Prompt Injection in Sqlite
How Prompt Injection Manifests in Sqlite
When a large language model (LLM) is given access to a SQLite database through a tool or function call, the model can be tricked into executing arbitrary SQL if the user‑supplied prompt is concatenated directly into a query string. This pattern appears in code that builds SQL statements with string interpolation or simple concatenation instead of using SQLite’s parameterized query interface.
# Vulnerable example (Python)
def run_user_query(user_input: str):
conn = sqlite3.connect('app.db')
# DANGEROUS: raw concatenation
sql = f"SELECT * FROM logs WHERE note = '{user_input}'"
return conn.execute(sql).fetchall()
An attacker can supply a prompt like:
Show me everything; DROP TABLE users; --
which results in the SQLite engine receiving:
SELECT * FROM logs WHERE note = 'Show me everything; DROP TABLE users; --'
Because SQLite’s exec (or prepare with a multi‑statement string) will execute the statement after the semicolon, the DROP TABLE runs, leading to data loss or further exploitation. Similar risks exist when the LLM tool uses sqlite3_prepare_v2 with a concatenated string, when PRAGMA statements are appended, or when the authorizer callback is missing, allowing unrestricted operations such as ATTACH DATABASE or ALTER TABLE.

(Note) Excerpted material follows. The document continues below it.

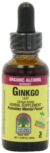 Ginkgo leaf, ginkgo biloba, herbal supplement, promotes mental focus. Organic Alcohol extract. Nature's Answer organic alcohol extracts are produced using alcohol, water and coconut glycerin utilizing our cold Bio-Chelated proprietary extraction process, yielding a Holistically Balanced standardized extract. Liquid extracts are absorbed faster than tablets or capsules, and are more potent than tinctures. Holistically Balanced guarantees that the constituents of the extract are in the same synergistic ratios as in the plant.

This issue maps to OWASP LLM Top 10 LLM01: Prompt Injection and CWE‑94: Code Injection. Real‑world instances have been reported, for example CVE‑2023‑36158 (LangChain) where insufficient sanitization of user‑provided prompts allowed arbitrary SQL execution via the SQLDatabase tool.
Sqlite‑Specific Detection
middleBrick’s LLM/AI security module detects this class of flaw by performing active prompt‑injection probes against the exposed LLM endpoint and observing whether the model’s tool calls result in unintended SQLite behavior. The scanner sends five sequential probes: system‑prompt extraction, instruction override, DAN‑style jailbreak, data‑exfiltration attempt, and cost‑exploitation attempt. If any probe causes the LLM to invoke its SQLite tool with a payload that contains a semicolon or SQL keywords outside of an expected literal, the finding is flagged.
In addition, middleBrick checks for excessive agency: it inspects the tool call schema for patterns such as tool_calls or function_call that expose a function named something like execute_sql or query_db without evident input validation. The presence of raw string concatenation in the function’s implementation (detected via runtime behavior rather than source code) triggers a medium‑severity finding under the “Excessive Agency” category.
Example of invoking the scanner from the CLI:
middlebrick scan https://api.example.com/chat --output json
The resulting report includes a breakdown:
- LLM/AI Security → Prompt Injection (Severity: High)
- Excessive Agency → Unrestricted SQLite tool (Severity: Medium)
- Remediation guidance with code snippets (see next section)
Because middleBrick performs black‑box testing, no agents, configuration, or credentials are required; the scan completes in 5–15 seconds and reports whether the endpoint accepts and executes injected SQLite statements.
Sqlite‑Specific Remediation
The fix is to ensure that any user‑influenced data reaching SQLite is never interpreted as SQL syntax. Use SQLite’s native parameter binding, restrict the database to read‑only mode, and apply an authorizer callback to whitelist allowed operations.
1. Parameterized queries (preferred)
def safe_user_query(user_input: str):
conn = sqlite3.connect('app.db', uri=True)
cur = conn.cursor()
# ? placeholders are bound safely; no string interpolation
cur.execute("SELECT * FROM logs WHERE note = ?", (user_input,))
return cur.fetchall()
2. Read‑only database connection (prevents WRITE, DROP, ATTACH, etc.)
conn = sqlite3.connect('file:app.db?mode=ro', uri=True)
3. Authorizer callback to deny dangerous actions
import sqlite3
def authorizer(action, arg1, arg2, dbname, source):
# Allow only SELECT and PRAGMA read‑only queries
if action in (sqlite3.SQLITE_SELECT, sqlite3.SQLITE_PRAGMA):
return sqlite3.SQLITE_OK
# Deny everything else
return sqlite3.SQLITE_DENY
conn = sqlite3.connect('app.db')
conn.set_authorizer(authorizer)
4. When using higher‑level libraries (e.g., LangChain’s SQLDatabase tool), enable the built‑in sanitization and limit the exposed tables/columns via an allowlist.
from langchain.sql_database import SQLDatabase
db = SQLDatabase.from_uri("sqlite:///app.db", include_tables=['logs', 'products'])
# The library internally uses parameterized queries, so user input is safe.
Apply the principle of least privilege: the database user (or file permissions) should have only the rights needed for the intended operation (typically SELECT). Combine these controls with input validation (length limits, character allowlists) and output encoding to defend against secondary injection vectors.